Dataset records
--------------------

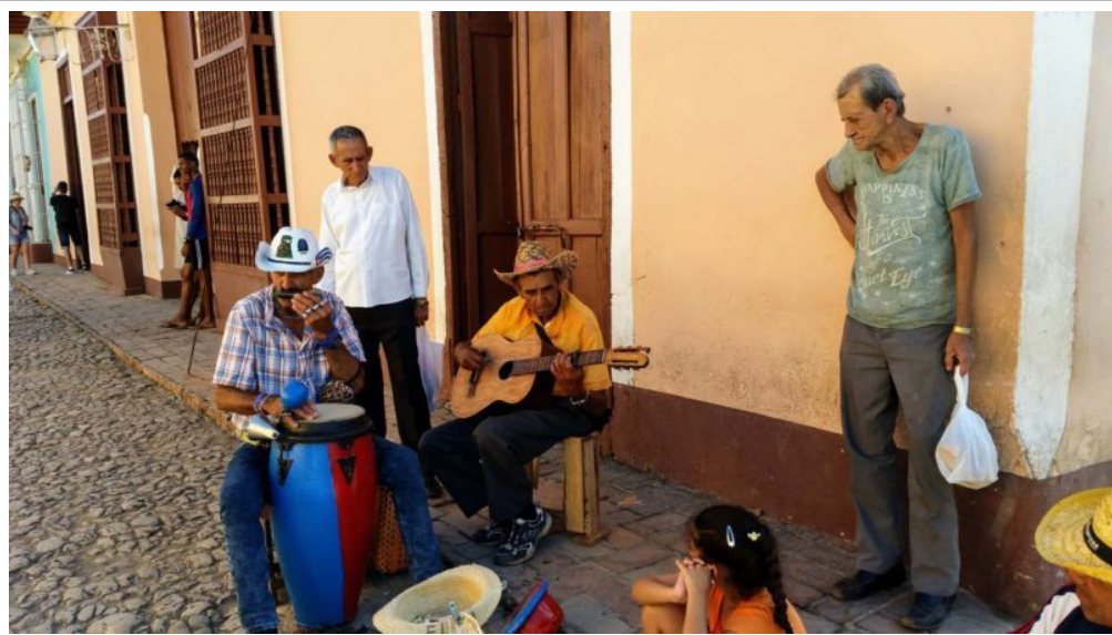
Escena callejera, La Habana, Cuba. Por Chuck Fisher. Cámara: Samsung Galaxy Note 4
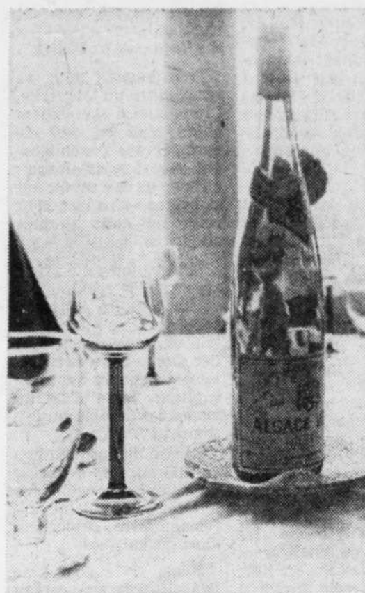
Les vins d'Alsace gagnent de la popularité au Québec alors qu'ils ont vu leurs ventes doubler en cinq ans. Contrairement aux autres vins de France qui sont également des Appellations Contrôlées, le vin d'Alsace porte le nom du cépage et non du lieu de production. Il se sert frais, comme les vins blancs, dans un verre "alsace" comme le montre la photo à gauche, soit un verre à tige verte et à ballon blanc.

L'alternance des plats et des vins est importante, de même qu'une gradation, commençant par des vins de moins grande qualité pour terminer par de plus grands crus.
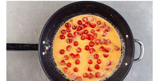
3. Sauce zubereiten

Die Zucchini auf einem mit Backpapier ausgelegten Backblech mit 1EL Pflanzenöl und 1 kräftigen Prise Salz vermengen, gleichmäßig verteilen und 10-15Min. im Ofen goldbraun rösten. In einem mittelgroßen Topf ausreichend gesalzenes Wasser für die Gnocchi zum Kochen bringen.
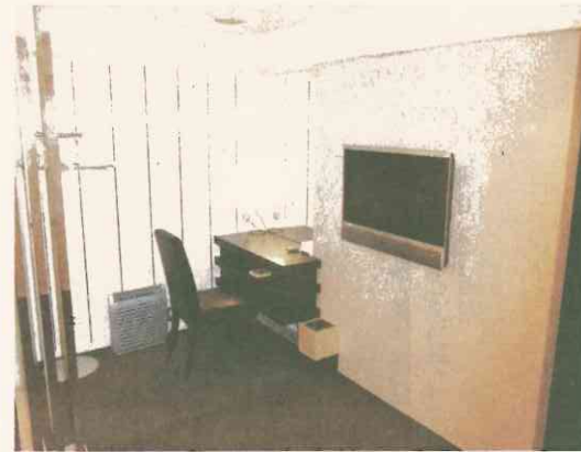
「ご安置ホテル リレーション」にある家族用の控室—大阪市北区

したときの感覚も再現する。 高度なカメラやセンサーを駆使し、他社のゲーム機とは一線を画す。だが、スイッチの前々機種「Wii (ウィー)」からのアイデアで新鮮味に乏しいのも事実だ。(大島直之)
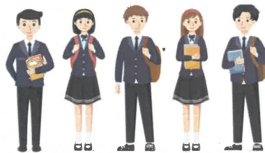
高校生が地域を探究し商品を探す
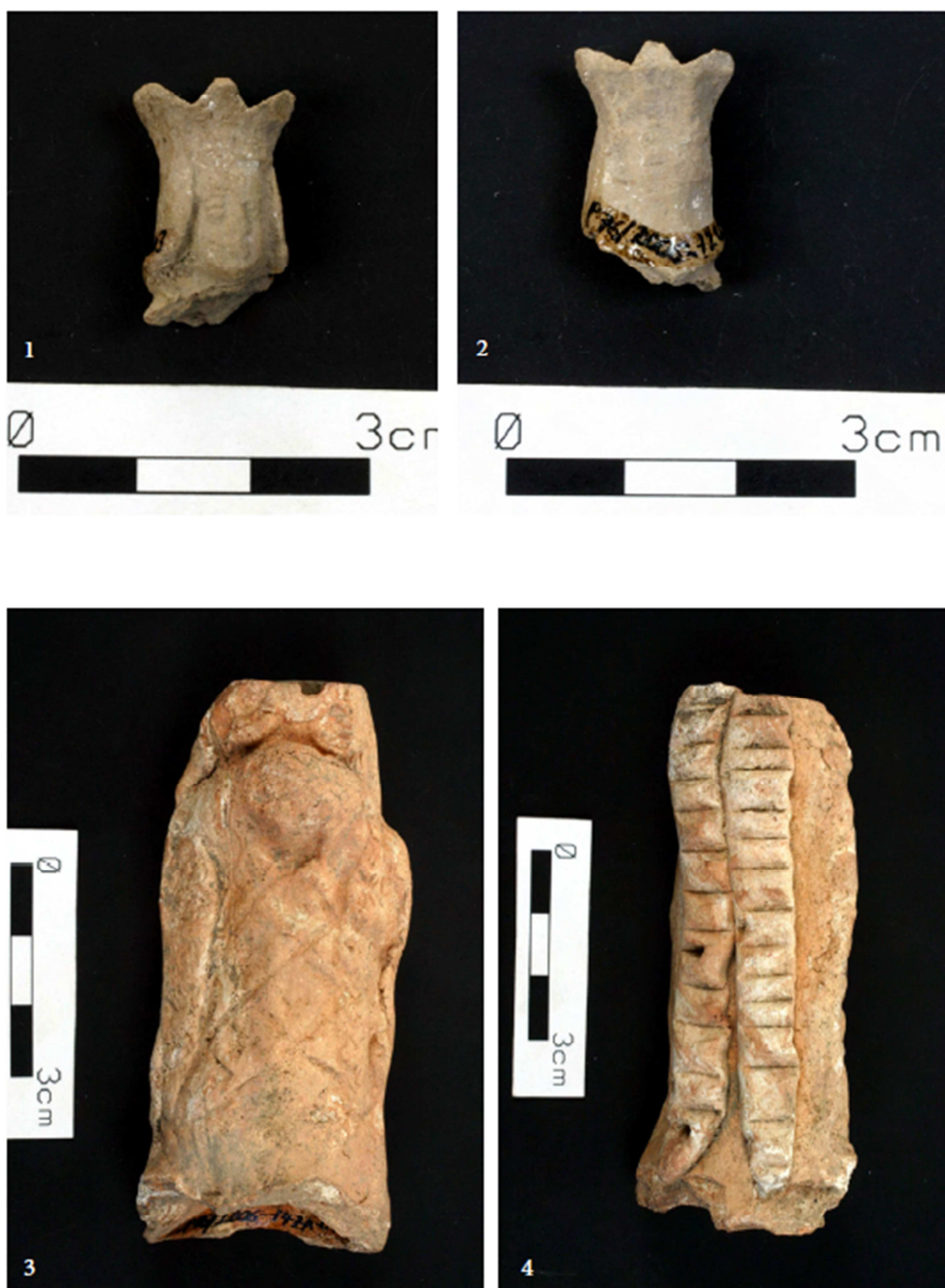
Tabulka 36. Hlava ženy s korunou – 1, 2. Praha 1 – Nové Město, Truhlářská ulice 16; žena v šatech – 3, 4. Praha 1 – Nové Město, Truhlářská ulice 16. (Převzato z: Juřinová 2015, 146; tab. 25).
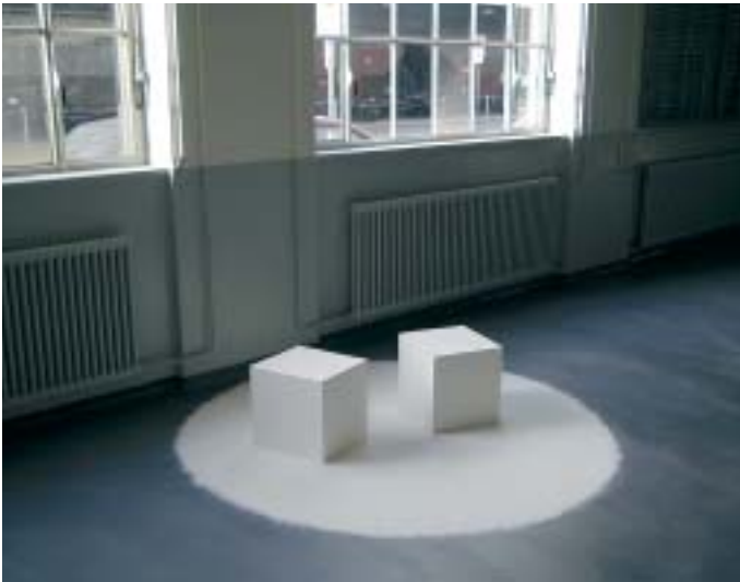
4 Was unvergänglich wie Steinblöcke aussieht, ...
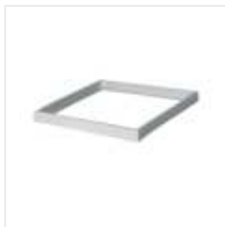
ADTR-H 76MM 6060 SR
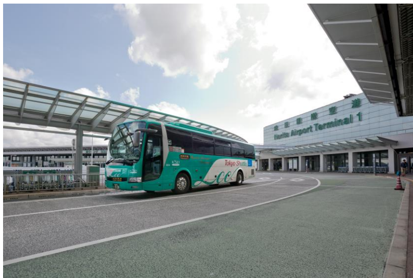
『東京シャトル (Tokyo Shuttle)』の運行車両

京成グループの京成バス（本社：千葉県市川市、社長：齋藤 隆）、成田空港交通（本社：千葉県成田市、社長：佐藤 克己）、京成バスシステム（本社：千葉県船橋市、社長：青木 良憲）、リムジン・パッセンジャーサービス（本社：東京都中央区、社長：高梨 純）では、東京都心と成田空港を結ぶ高速バス『東京シャトル (Tokyo Shuttle)』のお客様累計300万人達成を記念して、「東京シャトルお客様ご利用“3”00万人達成キャンペーン」を実施いたします。
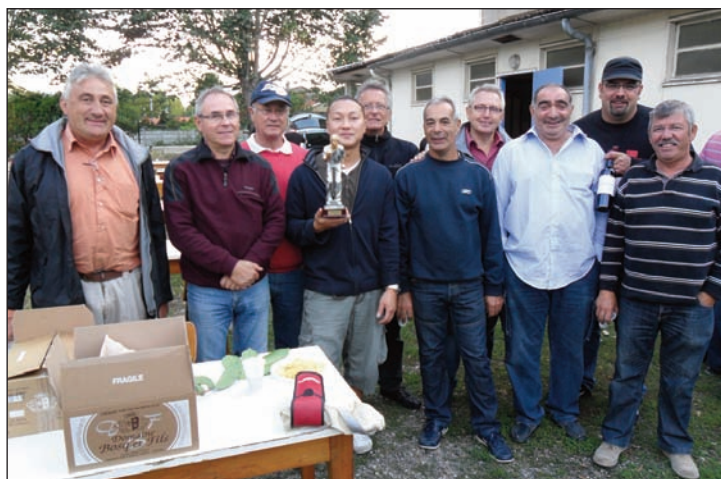
Les participants, ici lors de la coupe interpro, repartent toujours avec des lots et parfois de beaux trophées.

Cette imitation de l'accent spécifique de la rive droite fait partie des usages. On a beau parodier pour se donner du cœur à l'ouvrage et parier sur l'apéro ou la Fanny, contrefaire le Raimu furibard, le Fernandel goguenard, on le sent bien : il faut se résigner au deuxième degré, car on n'a pas le style Pro. Non, nous ne maîtrisons pas cet accroupissement confortable du premier pointeur, les genoux écartés, méditant le bon chemin en faisant tressauter la boule dans sa main recroquevillée. Pas non plus, ce silence qui précède les hautes œuvres du tireur, où on ressent comme un risque incertain. D'ailleurs, on ne joue pas à la pétanque, mais aux « boules ». Pour un « bec surprise », un carreau stupéfiant, combien d'approches molles à un mètre du cochonnet (voire beaucoup plus...), de tirs kamikazes enlevant la boule qu'on ne visait pas ! » (chacun se reconnaîtra...!).
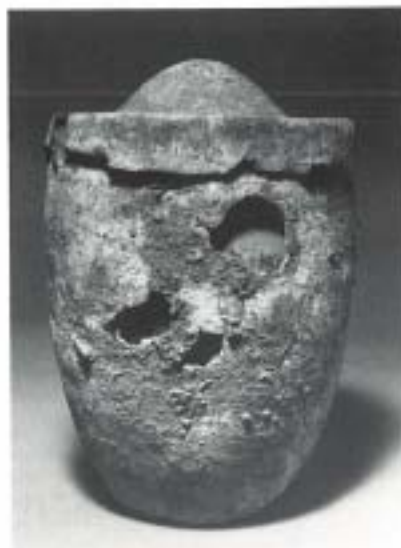
Fig. 23 N.º Inv. 1988/104/1 y 2

--------------------

Every line above must be printed again exactly, pictures excluded.

Escena callejera, La Habana, Cuba. Por Chuck Fisher. Cámara: Samsung Galaxy Note 4
Les vins d'Alsace gagnent de la popularité au Québec alors qu'ils ont vu leurs ventes doubler en cinq ans. Contrairement aux autres vins de France qui sont également des Appellations Contrôlées, le vin d'Alsace porte le nom du cépage et non du lieu de production. Il se sert frais, comme les vins blancs, dans un verre "alsace" comme le montre la photo à gauche, soit un verre à tige verte et à ballon blanc.

L'alternance des plats et des vins est importante, de même qu'une gradation, commençant par des vins de moins grande qualité pour terminer par de plus grands crus.
3. Sauce zubereiten

Die Zucchini auf einem mit Backpapier ausgelegten Backblech mit 1EL Pflanzenöl und 1 kräftigen Prise Salz vermengen, gleichmäßig verteilen und 10-15Min. im Ofen goldbraun rösten. In einem mittelgroßen Topf ausreichend gesalzenes Wasser für die Gnocchi zum Kochen bringen.
「ご安置ホテル リレーション」にある家族用の控室—大阪市北区

したときの感覚も再現する。 高度なカメラやセンサーを駆使し、他社のゲーム機とは一線を画す。だが、スイッチの前々機種「Wii (ウィー)」からのアイデアで新鮮味に乏しいのも事実だ。(大島直之)
高校生が地域を探究し商品を探す
Tabulka 36. Hlava ženy s korunou – 1, 2. Praha 1 – Nové Město, Truhlářská ulice 16; žena v šatech – 3, 4. Praha 1 – Nové Město, Truhlářská ulice 16. (Převzato z: Juřinová 2015, 146; tab. 25).
4 Was unvergänglich wie Steinblöcke aussieht, ...
ADTR-H 76MM 6060 SR
『東京シャトル (Tokyo Shuttle)』の運行車両

京成グループの京成バス（本社：千葉県市川市、社長：齋藤 隆）、成田空港交通（本社：千葉県成田市、社長：佐藤 克己）、京成バスシステム（本社：千葉県船橋市、社長：青木 良憲）、リムジン・パッセンジャーサービス（本社：東京都中央区、社長：高梨 純）では、東京都心と成田空港を結ぶ高速バス『東京シャトル (Tokyo Shuttle)』のお客様累計300万人達成を記念して、「東京シャトルお客様ご利用“3”00万人達成キャンペーン」を実施いたします。
Les participants, ici lors de la coupe interpro, repartent toujours avec des lots et parfois de beaux trophées.

Cette imitation de l'accent spécifique de la rive droite fait partie des usages. On a beau parodier pour se donner du cœur à l'ouvrage et parier sur l'apéro ou la Fanny, contrefaire le Raimu furibard, le Fernandel goguenard, on le sent bien : il faut se résigner au deuxième degré, car on n'a pas le style Pro. Non, nous ne maîtrisons pas cet accroupissement confortable du premier pointeur, les genoux écartés, méditant le bon chemin en faisant tressauter la boule dans sa main recroquevillée. Pas non plus, ce silence qui précède les hautes œuvres du tireur, où on ressent comme un risque incertain. D'ailleurs, on ne joue pas à la pétanque, mais aux « boules ». Pour un « bec surprise », un carreau stupéfiant, combien d'approches molles à un mètre du cochonnet (voire beaucoup plus...), de tirs kamikazes enlevant la boule qu'on ne visait pas ! » (chacun se reconnaîtra...!).
Fig. 23 N.º Inv. 1988/104/1 y 2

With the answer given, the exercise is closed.